Only one stretch of lines is wanted: the line with "That I am the" through the final line of the material. Restate it word for word, minus pictures.

[[ Data excerpt open ]]

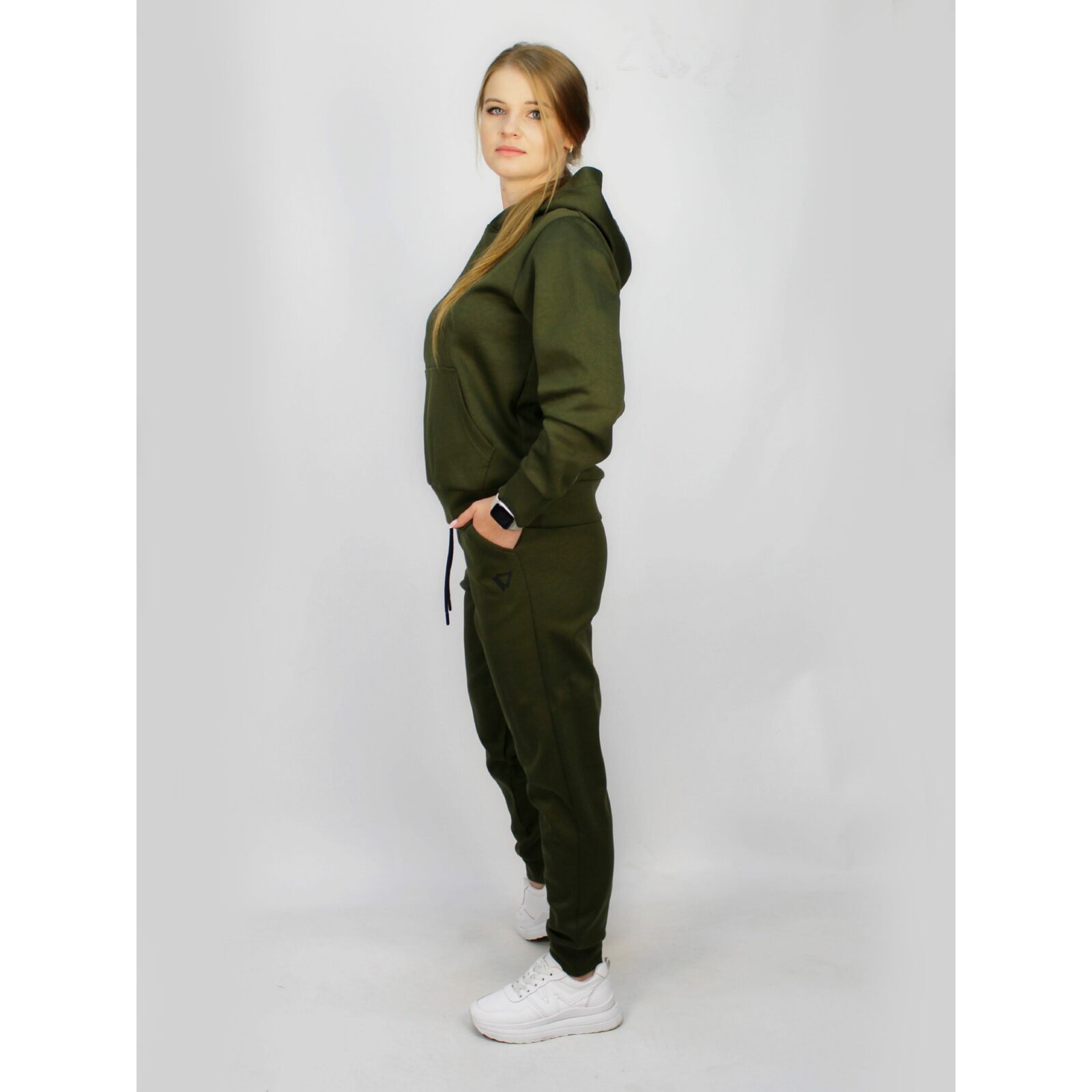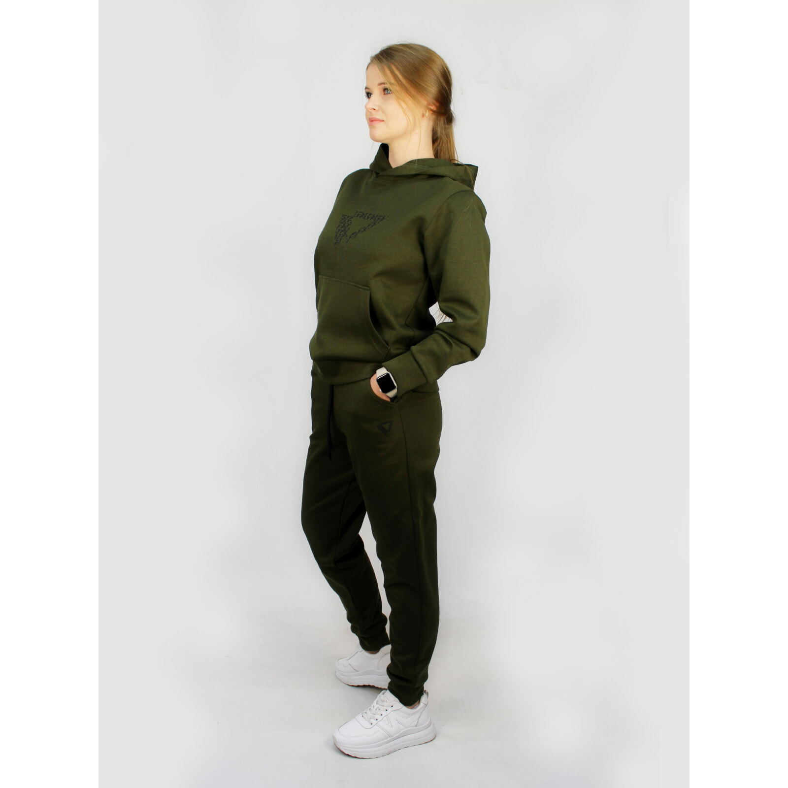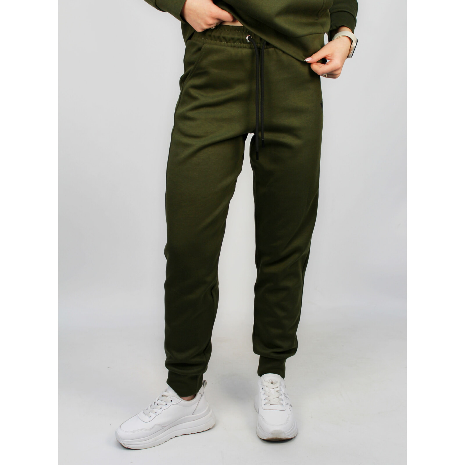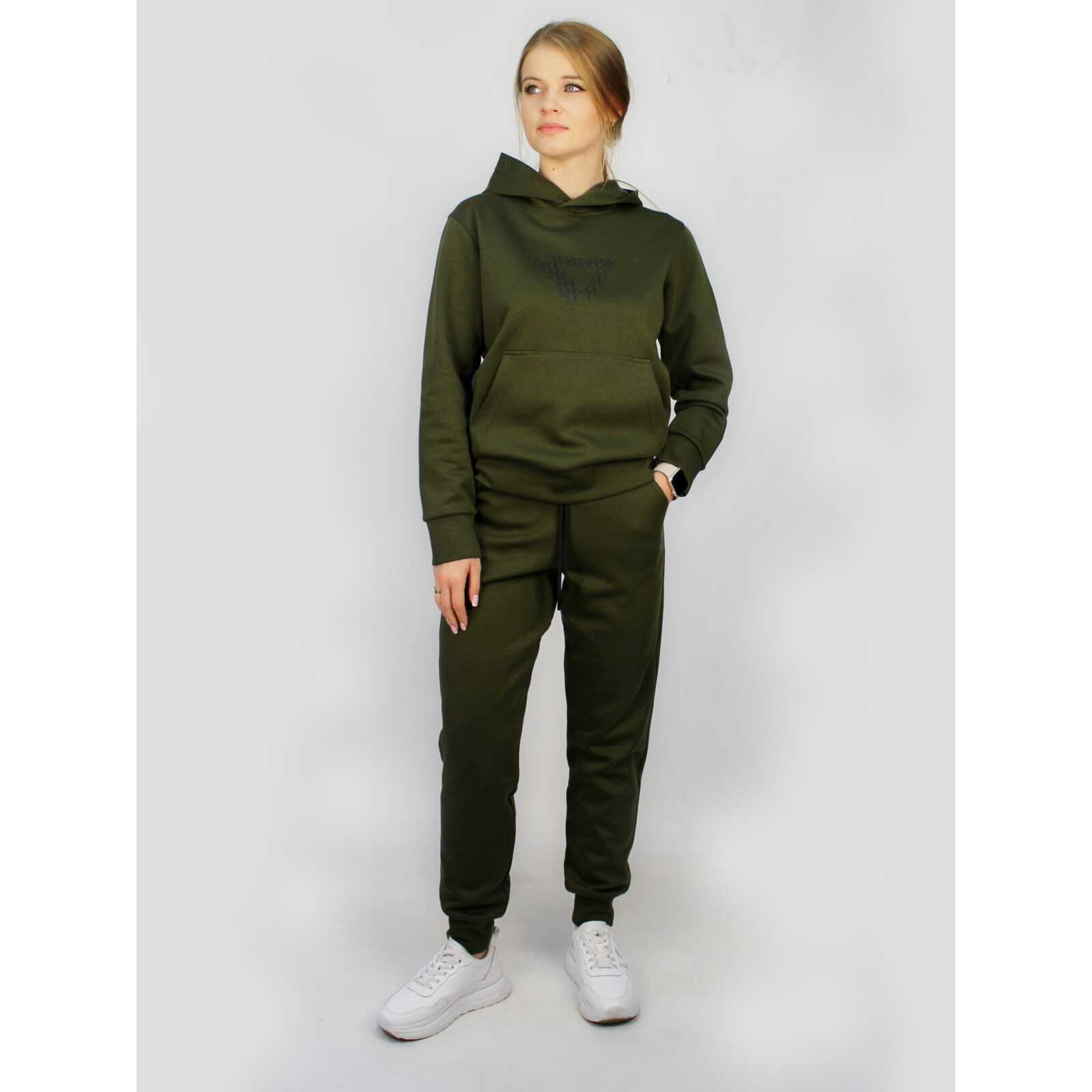 Спортивний костюм виконано в модних кольорах хаки та сірому. Стильний крій з еластичними манжетами, міцні застібки-блискавки та зручні кишені створюють сучасний образ.
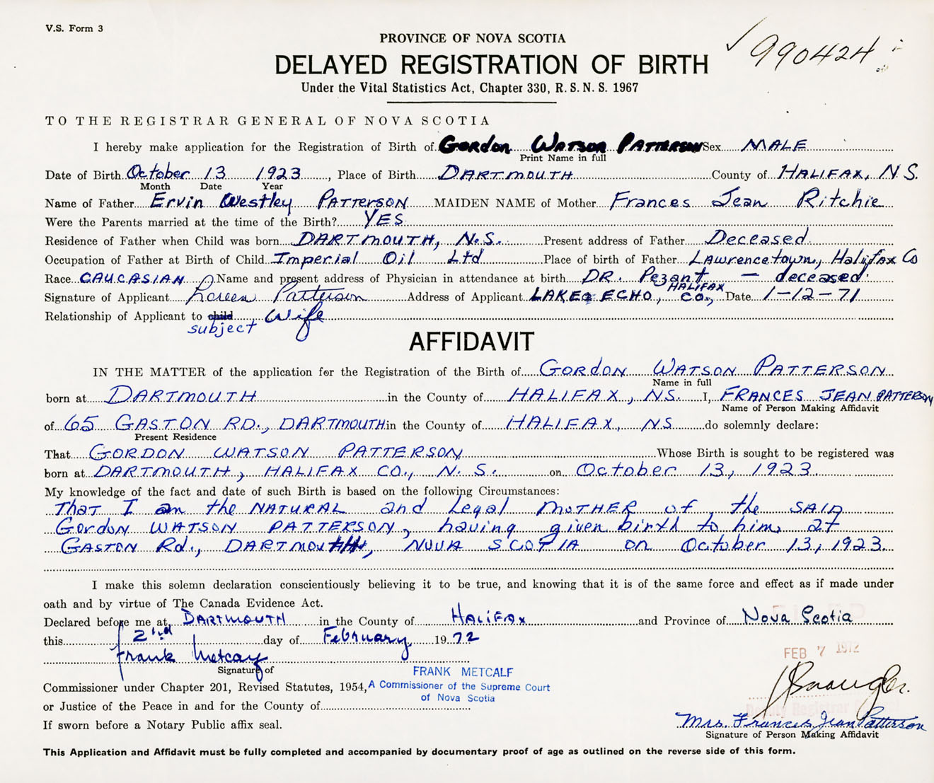 That I am the natural and legal mother of the said Gordon Watson Patterson, having given birth to him at Gaston Road, Dartmouth, NS on October 13, 1923.
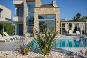 Proche des merveilleuses plages de la région de Chalcidique avec leurs eaux cristallines, l'Eco-Villa Pallini est située au Nord de la Grèce en Macédoine, superficie de 100 m² avec 4 chambres et 3 salles de douche, vol direct par Thessalonique. L'installation de panneaux solaires permettent une consommation d'électricité verte et l'utilisation des pierres locales a été privilégiée avec une isolation thermique par l'extérieur. Egalement des enduits écologiques intérieurs ont été posés ainsi que des matelas en fibres de coco pour prévenir l'impact allergique et optimiser le confort des occupants.
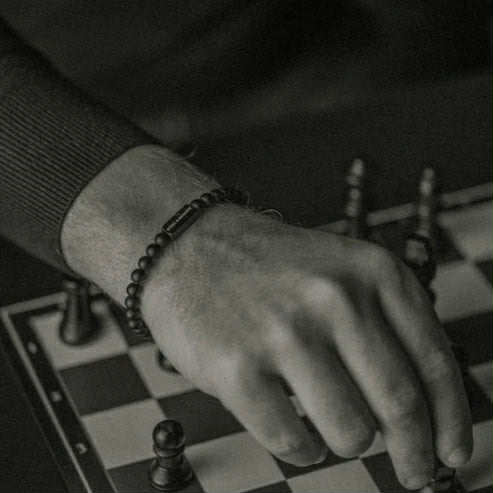 Smooth matte black stones like the midnight sky secured with an elegant, Matte Black Steel and Barnett clasp.

[[ Data excerpt closed ]]

Reply:
 That I am the natural and legal mother of the said Gordon Watson Patterson, having given birth to him at Gaston Road, Dartmouth, NS on October 13, 1923.
 Proche des merveilleuses plages de la région de Chalcidique avec leurs eaux cristallines, l'Eco-Villa Pallini est située au Nord de la Grèce en Macédoine, superficie de 100 m² avec 4 chambres et 3 salles de douche, vol direct par Thessalonique. L'installation de panneaux solaires permettent une consommation d'électricité verte et l'utilisation des pierres locales a été privilégiée avec une isolation thermique par l'extérieur. Egalement des enduits écologiques intérieurs ont été posés ainsi que des matelas en fibres de coco pour prévenir l'impact allergique et optimiser le confort des occupants.
 Smooth matte black stones like the midnight sky secured with an elegant, Matte Black Steel and Barnett clasp.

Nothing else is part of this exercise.